AVAILABLE RECORDS below:

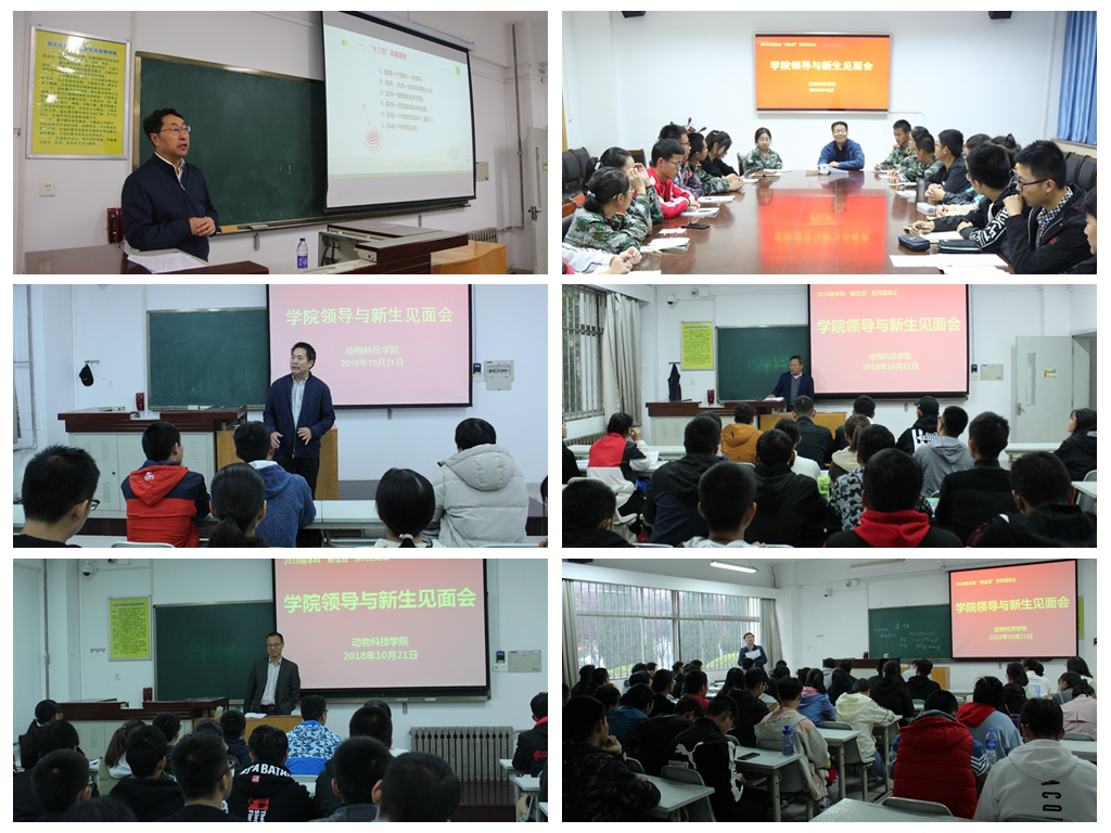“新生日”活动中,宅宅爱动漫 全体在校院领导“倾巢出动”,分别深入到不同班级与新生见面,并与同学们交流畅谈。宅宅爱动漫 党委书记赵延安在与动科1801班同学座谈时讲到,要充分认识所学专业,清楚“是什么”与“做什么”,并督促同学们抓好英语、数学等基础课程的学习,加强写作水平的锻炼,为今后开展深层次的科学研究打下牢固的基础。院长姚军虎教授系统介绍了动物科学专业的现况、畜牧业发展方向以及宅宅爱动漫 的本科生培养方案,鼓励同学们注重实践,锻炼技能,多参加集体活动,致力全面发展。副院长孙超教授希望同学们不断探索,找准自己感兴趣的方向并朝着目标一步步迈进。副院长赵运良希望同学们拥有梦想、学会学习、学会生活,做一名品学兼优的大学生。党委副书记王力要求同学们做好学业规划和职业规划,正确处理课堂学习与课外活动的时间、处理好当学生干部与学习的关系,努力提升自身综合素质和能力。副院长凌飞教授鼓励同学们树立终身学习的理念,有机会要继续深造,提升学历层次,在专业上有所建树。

End of AVAILABLE RECORDS.
AVAILABLE RECORDS below:

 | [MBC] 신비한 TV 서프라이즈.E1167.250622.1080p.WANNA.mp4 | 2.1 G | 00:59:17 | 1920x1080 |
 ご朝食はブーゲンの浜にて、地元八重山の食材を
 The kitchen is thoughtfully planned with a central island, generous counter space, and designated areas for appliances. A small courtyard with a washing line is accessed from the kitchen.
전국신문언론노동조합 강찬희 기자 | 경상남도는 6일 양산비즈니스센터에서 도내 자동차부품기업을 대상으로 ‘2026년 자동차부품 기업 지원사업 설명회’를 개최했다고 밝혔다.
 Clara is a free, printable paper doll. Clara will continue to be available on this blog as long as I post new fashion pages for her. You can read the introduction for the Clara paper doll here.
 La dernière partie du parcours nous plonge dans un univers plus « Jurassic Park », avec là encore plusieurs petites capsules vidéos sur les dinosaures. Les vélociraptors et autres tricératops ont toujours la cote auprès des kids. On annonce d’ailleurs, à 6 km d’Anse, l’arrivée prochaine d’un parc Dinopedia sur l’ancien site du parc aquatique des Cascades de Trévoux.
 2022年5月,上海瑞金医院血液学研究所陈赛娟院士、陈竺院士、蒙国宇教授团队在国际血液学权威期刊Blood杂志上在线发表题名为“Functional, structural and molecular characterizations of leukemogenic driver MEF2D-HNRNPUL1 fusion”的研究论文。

End of AVAILABLE RECORDS.

**REQUIRED WORK:** For the lines above, output exactly those from the line containing "00:59:17 | 1920x1080 |" through the line containing "전국신문언론노동조합 강찬희 기자", and skip the others.

**TASK OUTPUT:**
 | [MBC] 신비한 TV 서프라이즈.E1167.250622.1080p.WANNA.mp4 | 2.1 G | 00:59:17 | 1920x1080 |
 ご朝食はブーゲンの浜にて、地元八重山の食材を
 The kitchen is thoughtfully planned with a central island, generous counter space, and designated areas for appliances. A small courtyard with a washing line is accessed from the kitchen.
전국신문언론노동조합 강찬희 기자 | 경상남도는 6일 양산비즈니스센터에서 도내 자동차부품기업을 대상으로 ‘2026년 자동차부품 기업 지원사업 설명회’를 개최했다고 밝혔다.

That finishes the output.